# More reports of Haji reconnoitering CONUS



## Brooklynben (Aug 27, 2007)

http://www.foxnews.com/story/0,2933,294065,00.html

The FBI's Seattle field office and the Washington Joint Analytical Center have taken the unusual step of asking the public to help identify two men riding on ferries in the Seattle area who are suspected of conducting surveillance ahead of an attack. If the men are in fact militants planning an operation, their presence on the ferries underscores the continued desire of jihadists to carry out attacks in the United States, as well as their attraction to public transportation as a target. 






They appear to have been conducting pre-operational surveillance of potential targets. If they were the least bit competent, they realize that their cover has been blown, and have already put as much distance between themselves and Seattle as they can.
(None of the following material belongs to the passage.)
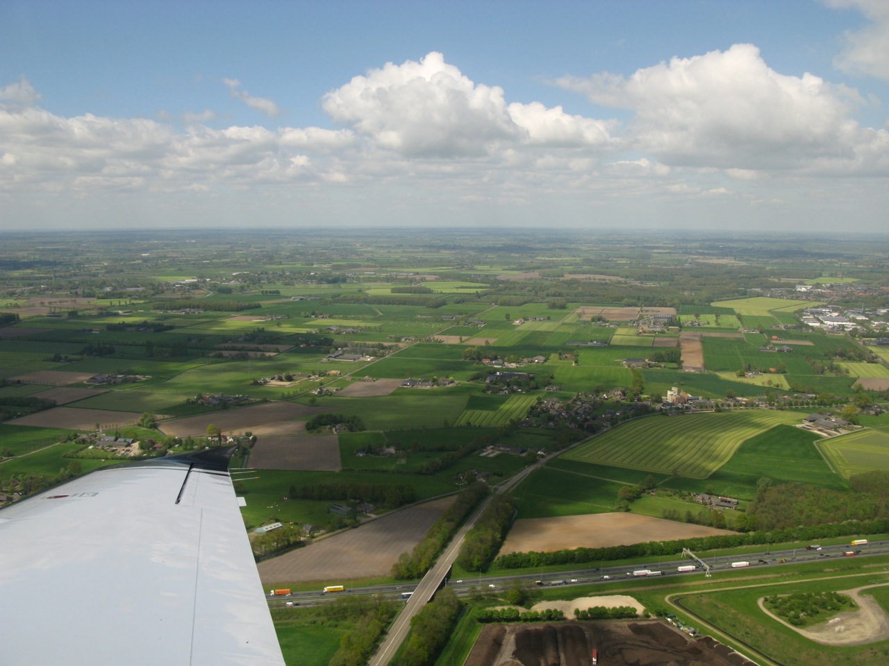 Enfin, we taxiën over het verlaten veld naar de baan, en na een aantal checks lijnen we op voor de start. De take off is bepaald spectaculair te noemen. Een klein beetje back pressure is genoeg om het toestel de lucht in te doen springen. Om met een relatief klein, voor een zuigermotor ontwikkeld toestel kruissnelheden van rond de 500 kilometer per uur te halen, dien je ietwat overpowered te zijn, en dat is natuurlijk merkbaar in de take-off. Nog geen mijl van het veld zitten we al onder een hoek van twintig graden achterover in onze stoelen, en staat er 1500 fpm op de VSI. De gemiddelde piloot zal zijn pax dit niet aandoen, maar in deze situatie is het natuurlijk prachtig.
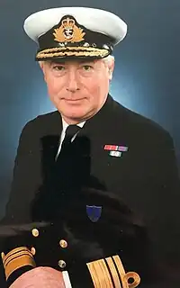 Educated at Gordonstoun School and the Royal Naval College, Dartmouth, Weatherall joined the Royal Navy in 1954.[2] He was given command of the frigate HMS Andromeda in 1982, serving with her in the Falklands War, and took command of the aircraft carrier HMS Ark Royal in 1985.[2] He joined the staff of the Supreme Allied Commander Europe in 1987 and then became Deputy Supreme Allied Commander Atlantic in 1989 before retiring in 1991.[2]

This probably would have involved slipping across the Canadian border.


----------



## pardus (Aug 27, 2007)

can you post a link for that Ben?


----------



## Polar Bear (Aug 27, 2007)

pardus762 said:


> can you post a link for that Ben?


 
Fixed


----------



## Polar Bear (Aug 27, 2007)

Lets keep the tread on track


----------



## Boondocksaint375 (Aug 27, 2007)

trounds trood tro tre


----------



## CAL (Aug 27, 2007)

If this story surprises you then you're very naive.


----------



## JustAnotherJ (Aug 28, 2007)

CAL said:


> If this story surprises you then you're very naive.


so am i ok if it turns me on?


----------



## RackMaster (Aug 28, 2007)

I'm just waiting for something to happen up here.  We to are a target and the general population is very complacent and well stupid. ;)


----------